— RECORDED INFORMATION —
- - - - - - -

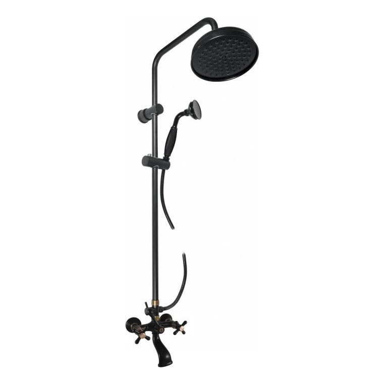 • Součástí balení: kovová ruční sprcha (pr. 76 mm), sprchová tyč s jedním úchytem na zeď (včetně pojezdu pro ruční sprchu a s keramickým přepínačem), kovová hlavová sprcha (pr. 20 cm), sprchová plastová hadice (délka 150 cm), vanová baterie.
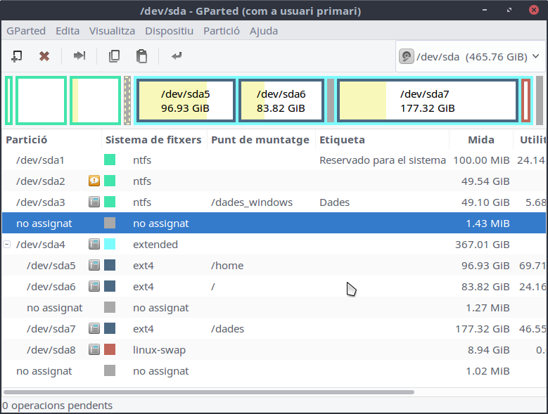 Ens demanarà que ens autentiquem com a administradors i podrem veure l'entorn gràfic. Es pot veure la taula de particions de cadascun dels dispositius que tenim connectats al nostre ordinador. Aquest seria un exemple de taula de particions estàndard on podem veure la partició principal i la partició d'intercanvi.
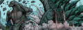 Godzilla arrived on Monster Island and attacked Biollante as the latter besieged the Cryog mothership, his atomic breath causing the Devonian kaiju to drop the vessel, killing nearly all on board. Godzilla emerged from the wreckage and crushed several Cryogs, seemingly killing their commander Rhizon. Godzilla was suddenly attacked by Biollante's tendrils before her full body reemerged. Biollante lifted Godzilla up and slammed him down before tossing him away. Her tendrils bite down on the back of Godzilla's neck but are destroyed by a nuclear pulse. Godzilla roared at Biollante only for the larger monster to slam him into the side of the island's volcano. She pulled Godzilla back towards her and doused him in acid. Godzilla retaliated with a blast of his atomic breath before firing at the island's volcano, causing it to erupt. With the plant kaiju ignited by the lava, Godzilla further incinerated Biollante's core before returning to the ocean.

- - - - - - -

Word for word, quote the lines above. Omit the pictures.

— TASK OUTPUT —
 • Součástí balení: kovová ruční sprcha (pr. 76 mm), sprchová tyč s jedním úchytem na zeď (včetně pojezdu pro ruční sprchu a s keramickým přepínačem), kovová hlavová sprcha (pr. 20 cm), sprchová plastová hadice (délka 150 cm), vanová baterie.
 Ens demanarà que ens autentiquem com a administradors i podrem veure l'entorn gràfic. Es pot veure la taula de particions de cadascun dels dispositius que tenim connectats al nostre ordinador. Aquest seria un exemple de taula de particions estàndard on podem veure la partició principal i la partició d'intercanvi.
 Godzilla arrived on Monster Island and attacked Biollante as the latter besieged the Cryog mothership, his atomic breath causing the Devonian kaiju to drop the vessel, killing nearly all on board. Godzilla emerged from the wreckage and crushed several Cryogs, seemingly killing their commander Rhizon. Godzilla was suddenly attacked by Biollante's tendrils before her full body reemerged. Biollante lifted Godzilla up and slammed him down before tossing him away. Her tendrils bite down on the back of Godzilla's neck but are destroyed by a nuclear pulse. Godzilla roared at Biollante only for the larger monster to slam him into the side of the island's volcano. She pulled Godzilla back towards her and doused him in acid. Godzilla retaliated with a blast of his atomic breath before firing at the island's volcano, causing it to erupt. With the plant kaiju ignited by the lava, Godzilla further incinerated Biollante's core before returning to the ocean.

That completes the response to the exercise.